EXERCISE DETAILS: Taking the listing below, restate word for word each line from the line with "The satyr tragopan" to the line with "2021年2月2日晚,kai", ends included, and stop there.

SOURCE DATA:

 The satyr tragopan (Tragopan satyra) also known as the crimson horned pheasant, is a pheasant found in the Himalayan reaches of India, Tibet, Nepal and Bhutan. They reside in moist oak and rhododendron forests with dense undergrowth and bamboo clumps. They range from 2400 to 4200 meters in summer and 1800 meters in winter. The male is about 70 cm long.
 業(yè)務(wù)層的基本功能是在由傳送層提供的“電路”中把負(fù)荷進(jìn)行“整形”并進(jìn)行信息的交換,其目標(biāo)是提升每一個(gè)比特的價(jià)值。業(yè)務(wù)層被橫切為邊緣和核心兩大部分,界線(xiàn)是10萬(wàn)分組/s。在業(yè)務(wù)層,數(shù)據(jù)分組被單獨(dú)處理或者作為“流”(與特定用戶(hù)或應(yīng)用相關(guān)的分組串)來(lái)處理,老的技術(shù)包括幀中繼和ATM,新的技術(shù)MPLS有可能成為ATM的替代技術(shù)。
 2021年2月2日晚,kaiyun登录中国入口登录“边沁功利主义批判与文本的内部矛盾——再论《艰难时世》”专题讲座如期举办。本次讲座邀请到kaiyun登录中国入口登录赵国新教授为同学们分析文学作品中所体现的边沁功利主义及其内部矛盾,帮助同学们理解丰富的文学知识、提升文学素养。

* * *

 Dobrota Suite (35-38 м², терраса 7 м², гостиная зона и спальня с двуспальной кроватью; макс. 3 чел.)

SOLUTION BELOW:
 The satyr tragopan (Tragopan satyra) also known as the crimson horned pheasant, is a pheasant found in the Himalayan reaches of India, Tibet, Nepal and Bhutan. They reside in moist oak and rhododendron forests with dense undergrowth and bamboo clumps. They range from 2400 to 4200 meters in summer and 1800 meters in winter. The male is about 70 cm long.
 業(yè)務(wù)層的基本功能是在由傳送層提供的“電路”中把負(fù)荷進(jìn)行“整形”并進(jìn)行信息的交換,其目標(biāo)是提升每一個(gè)比特的價(jià)值。業(yè)務(wù)層被橫切為邊緣和核心兩大部分,界線(xiàn)是10萬(wàn)分組/s。在業(yè)務(wù)層,數(shù)據(jù)分組被單獨(dú)處理或者作為“流”(與特定用戶(hù)或應(yīng)用相關(guān)的分組串)來(lái)處理,老的技術(shù)包括幀中繼和ATM,新的技術(shù)MPLS有可能成為ATM的替代技術(shù)。
 2021年2月2日晚,kaiyun登录中国入口登录“边沁功利主义批判与文本的内部矛盾——再论《艰难时世》”专题讲座如期举办。本次讲座邀请到kaiyun登录中国入口登录赵国新教授为同学们分析文学作品中所体现的边沁功利主义及其内部矛盾,帮助同学们理解丰富的文学知识、提升文学素养。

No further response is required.